> _Task to carry out_
Reproduce the data below word for word, setting aside any picture it holds.

> _Collected data_
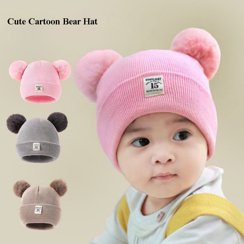 BEAR PATTERN WITH POMPOM-If you love cute little bears, make sure not to miss this hat!This cute baby hat features an adorable embroidered patch of a charming bear on front, perfectly complemented by two fluffy pom-poms on top. When your little one dons this hat, they will undoubtedly exude an irresistible cuteness, making it a perfect accessory for any playful outing or chilly day.
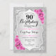 90:e födelsedagsinbjudan. Elegantens utformning i silver och rosa. Funktioner faux glitter silver rand, rosa ros snyggt, skriptteckensnitt och konetti. Perfekt för en glam-födelsedagsfest.
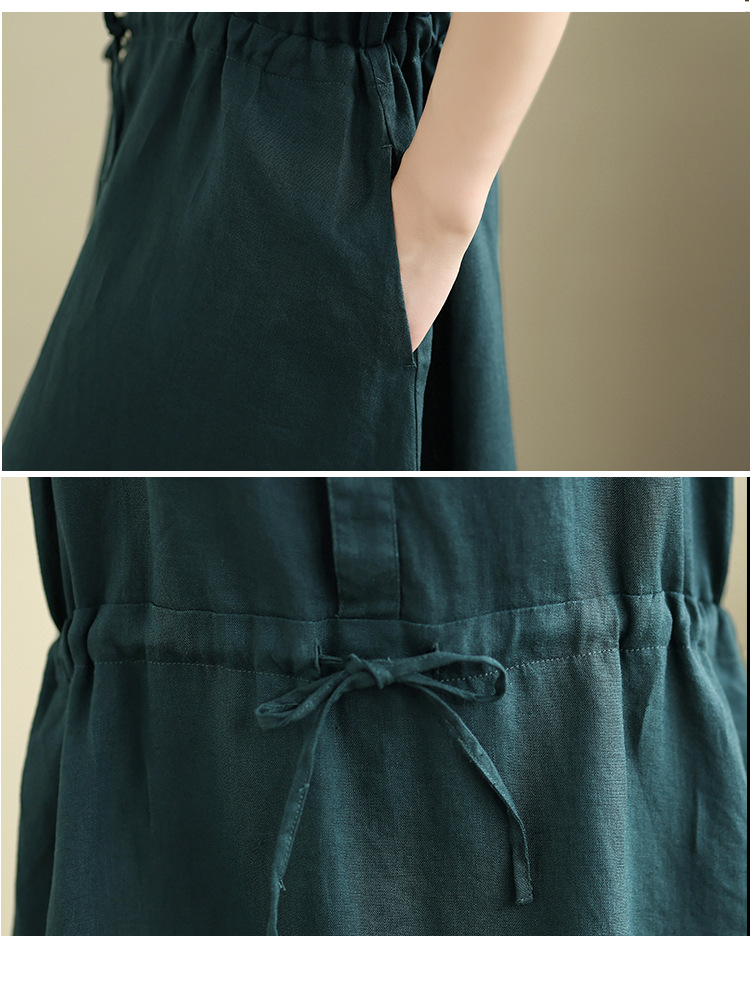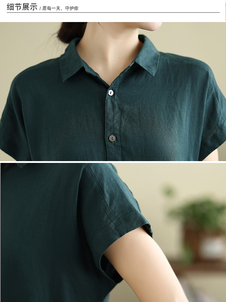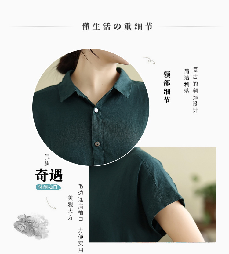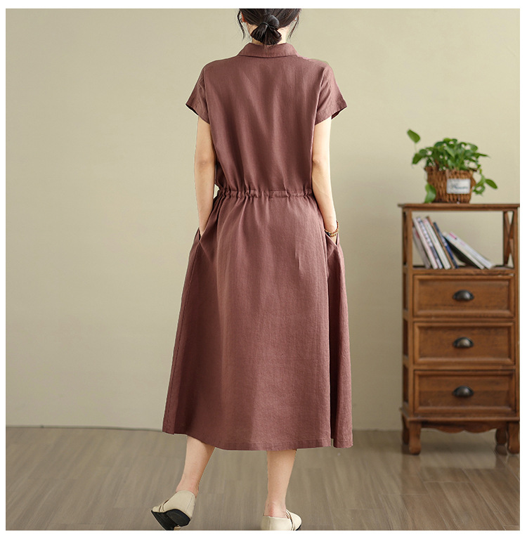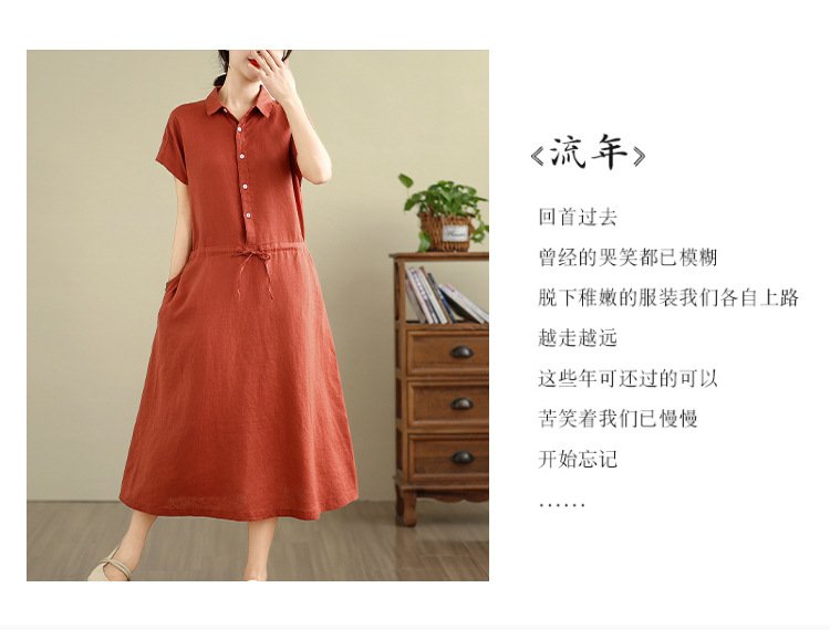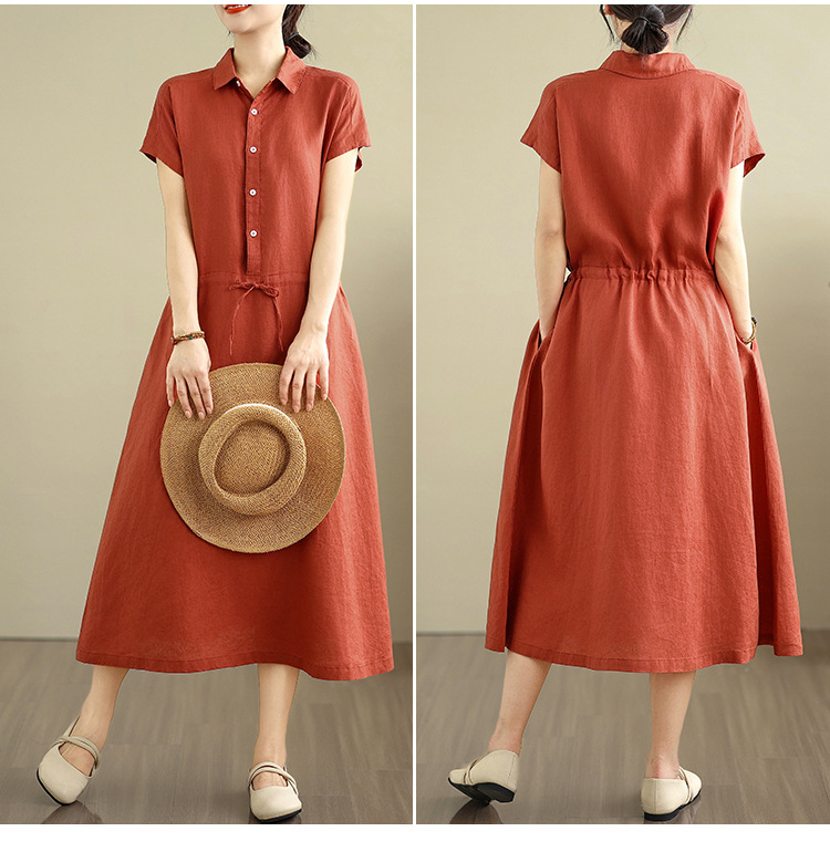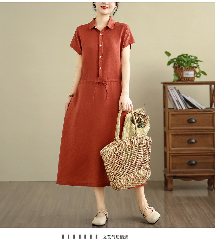 Real shot 2025 summer new cotton and linen shirt dress short sleeve lapel simple commuter shirt skirt women's clothing

> _Finished exercise_
 BEAR PATTERN WITH POMPOM-If you love cute little bears, make sure not to miss this hat!This cute baby hat features an adorable embroidered patch of a charming bear on front, perfectly complemented by two fluffy pom-poms on top. When your little one dons this hat, they will undoubtedly exude an irresistible cuteness, making it a perfect accessory for any playful outing or chilly day.
 90:e födelsedagsinbjudan. Elegantens utformning i silver och rosa. Funktioner faux glitter silver rand, rosa ros snyggt, skriptteckensnitt och konetti. Perfekt för en glam-födelsedagsfest.
 Real shot 2025 summer new cotton and linen shirt dress short sleeve lapel simple commuter shirt skirt women's clothing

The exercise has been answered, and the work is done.